How prepared is your newsroom for safety?

By Catherine Komp,

NC Local Newsletter Editor

The US score on the 2023 World Press Freedom Index was 72, the lowest it’s been in a decade. While safer than many countries, last year saw the killing of Spectrum News Reporter Dylan Lyons and dozens of other physical threats, including the arrest of reporters covering protests (including these recent arrests in AZ and NYC), the pellet gun shooting of a TV reporter in St. Louis and the assault on a reporter covering a mayoral forum in Franklin, TN in addition to countless incidents of digital harassment and intimation. 

To help newsrooms better respond to these issues, the International Women’s Media Foundation took a decade of experience overseas and brought its safety trainings to the US. With this year’s election, they’re planning to visit swing states, including North Carolina, to offer their programs to local newsrooms.

The NC Local News Workshop is working with IWMF to organize a training here — more details on that soon. In the meantime, we chatted with IWMF Deputy Executive Director Nadine Hoffman to learn more about the need for safety policies, practices and funding in US newsrooms. Our conversation had been edited for length and clarity. 
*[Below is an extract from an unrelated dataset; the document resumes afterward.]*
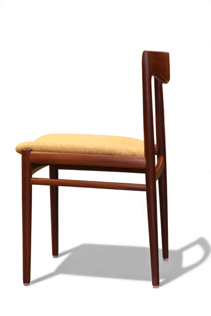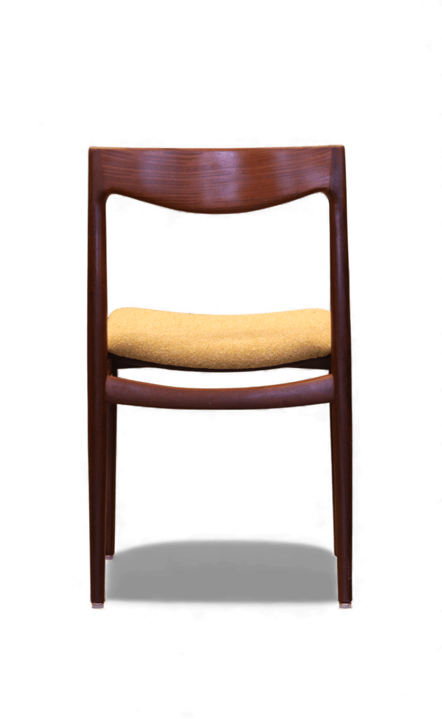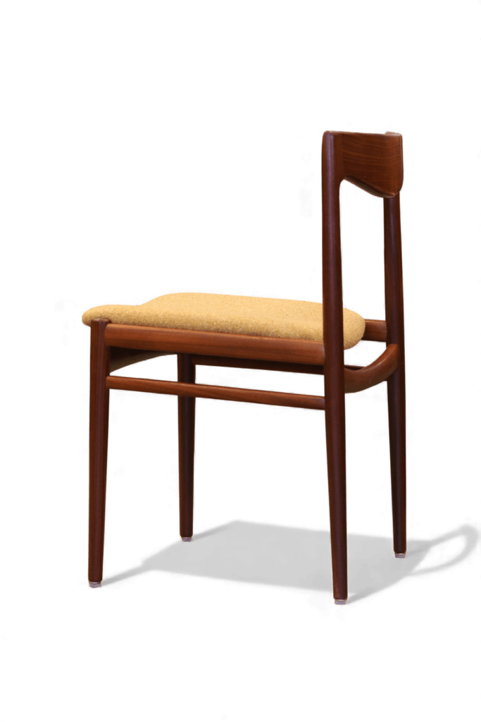 Stolsmodellen har spolformade fram- och bakben som är både stiliga och funktionella, där bakbenen elegant ansluter sig till ryggdelen. Ryggdelen i sin tur är mjukt rundad och utgör ett verkligt mästerverk, som förtjänar att beundras, se bilderna! Alla delar på stolen är mjukt och behagligt rundade, vilket skapar en harmonisk design och gör att stolen både ser fantastisk ut och känns mycket bekväm att sitta på under långa stunder.

NC Local: What’s in store for your 2024 trainings in the US? 

Nadine Hoffman: This coming year, we’re providing both a mix of in person training that will be targeted to things like legal rights, civil unrest and digital threats, but also making available this suite of holistic support services we can offer. That includes things like one on one consultations with a newsroom or with an individual journalist who needs some immediate support or emergency assistance. Therapy grants have been actually one of the biggest services we’ve been offering to journalists in the US. And [the trainings] are really just to establish new relationships across news networks that maybe we haven’t been as actively collaborating with in the past. 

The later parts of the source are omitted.